P1028 Preliminary Data Analysis and Assembly of the Loblolly Pine Genome

Daniela Puiu , Johns Hopkins University School of Medicine, Baltimore, MD
Aleksey Zimin , University of Maryland, College Park, MD
Steven L Salzberg , Johh Hopkins University School of Medicine, Baltimore, MD
The Loblolly Pine Genome Project (LPGP) is part of the larger Pinerefseq project and has as its goal the sequencing, assembly and annotation of the Loblolly pine (Pinus taeda). Development of a high-quality reference genome will serve as a model for assembling two other conifers genomes, Douglas fir (Pseudotsuga menziesii) and sugar pine (Pinus lambertiana). With 12 chromosomes, a genome size of ~24Gbp, and high repeat content, this genome presents a major challenge for genome assembly. We are sequencing the genome using the Illumina technology from a combination of whole-genome shotgun and pooled fosmid libraries.

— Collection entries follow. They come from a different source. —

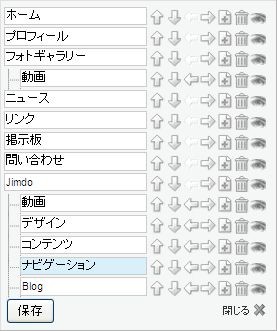 ナビゲーションの編集では、Homeやプロフィールなどの【ページ名】を変更する他にも、ページの【追加/削除】【階層の変更】【非表示】が行えます。設定が終われば【保存】をクリックするだけで簡単に編集できます。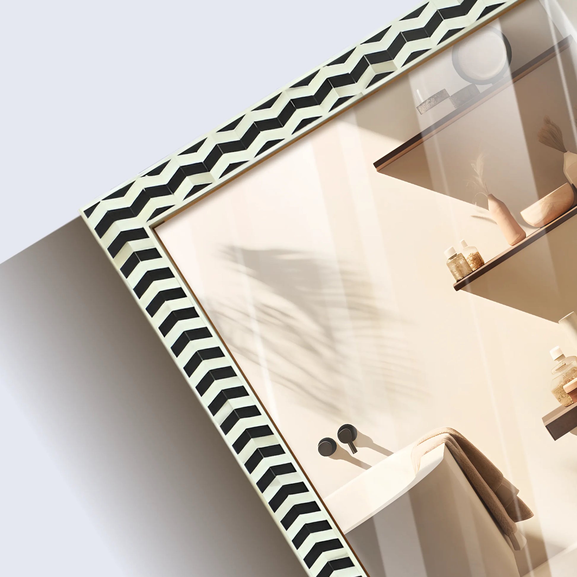 Handcrafted Bone Inlay Frame – Expertly handmade with authentic bone inlay craftsmanship, this decorative mirror features a durable pine MDF base and a stylish black-and-white herringbone pattern, offering a unique fusion of artistry & sophistication.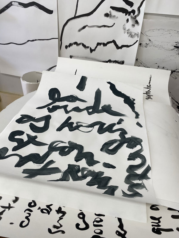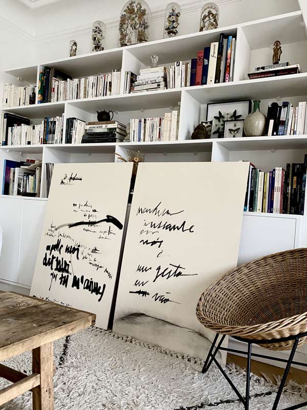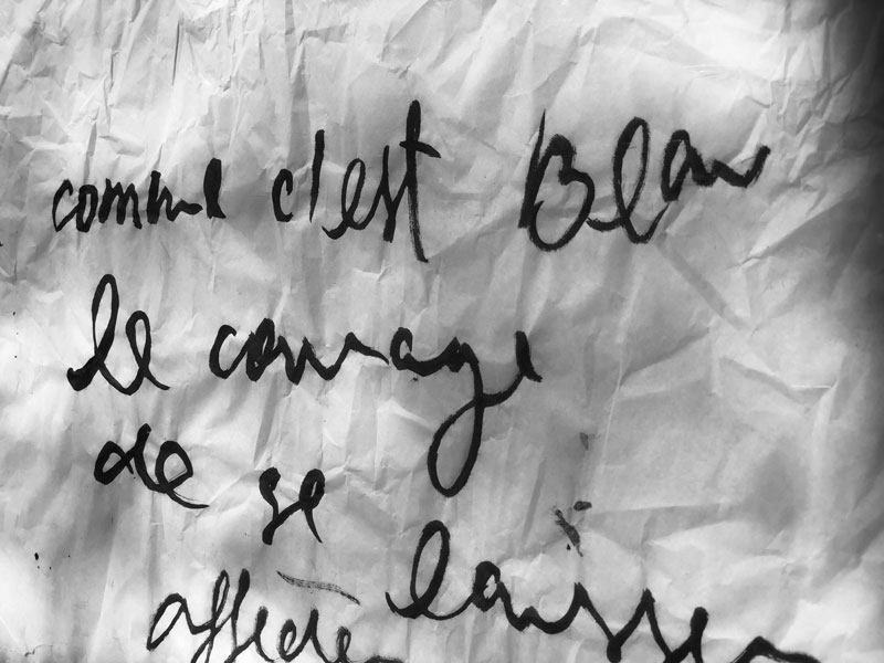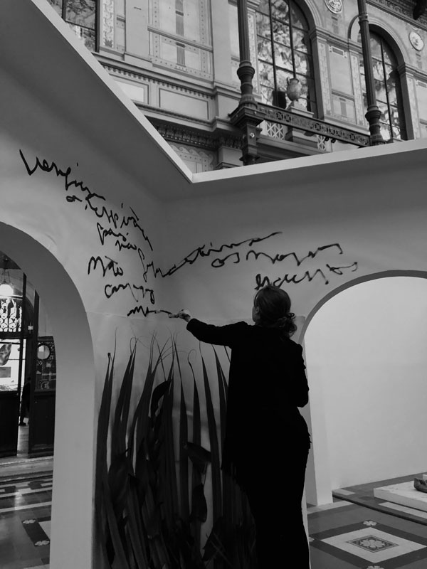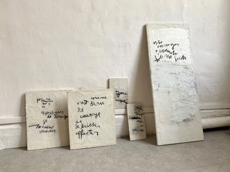 BV: Estou finalizando meu Master em Artes Plásticas numa colaboração entre a Universidade do Porto e a Escola de Paris, onde venho produzindo nos Ateliês dos Professores Claude Closky e Guillaume Paris, além da orientação da Prof. Filipa Cruz e Prof. Francisco Laranjo. Neste momento, busco compreender como trabalhar com a escala sem perder o caráter íntimo e sensível da escrita, e como minha obra se incorpora em diferentes espaços, existindo num formato de instalações, e interagindo também com o ambiente que a recebe. Isso implica uma investigação também sobre a própria língua francesa, como traduzir e representar esta vivência em Paris nos meus escritos. Tenho algumas exposições planejadas para este ano, nas próprias Galerias da École des Beaux-Arts e também em outros espaços culturais em Paris, além de uma participação na Biennale Culturelle d’Aix-en-Provence no verão. Para o futuro próximo, pretendo produzir e publicar minhas poesias num formato de livro de artista, onde as obras possam ser vistas e lidas, nas diversas linguagens e representações possíveis.

Johns Hopkins School of Medicine along with Univ. of Maryland College Park are currently working on sequence library qc, read correction, whole genome & pooled library assembly, finishing of the chloroplast & mitochondrion genomes. We are evaluating existing read correction and assembly software as well as developing new methods targeted towards this particular genome. We will present preliminary results from assembly of four test datasets, including pools containing 500 and 1000 fosmids as well as WGS sequence from megagamethophytes. Each dataset contains multiple libraries corresponding to different preparation conditions. We have assembled these using two different genome assemblers, SOAPdenovo and MSR-CA, and we will describe the overall results as well as analyses of chloroplast and mitochondrial DNA. The genome appears in initial testing to be very highly repetitive, as is expected based on its unusually large size.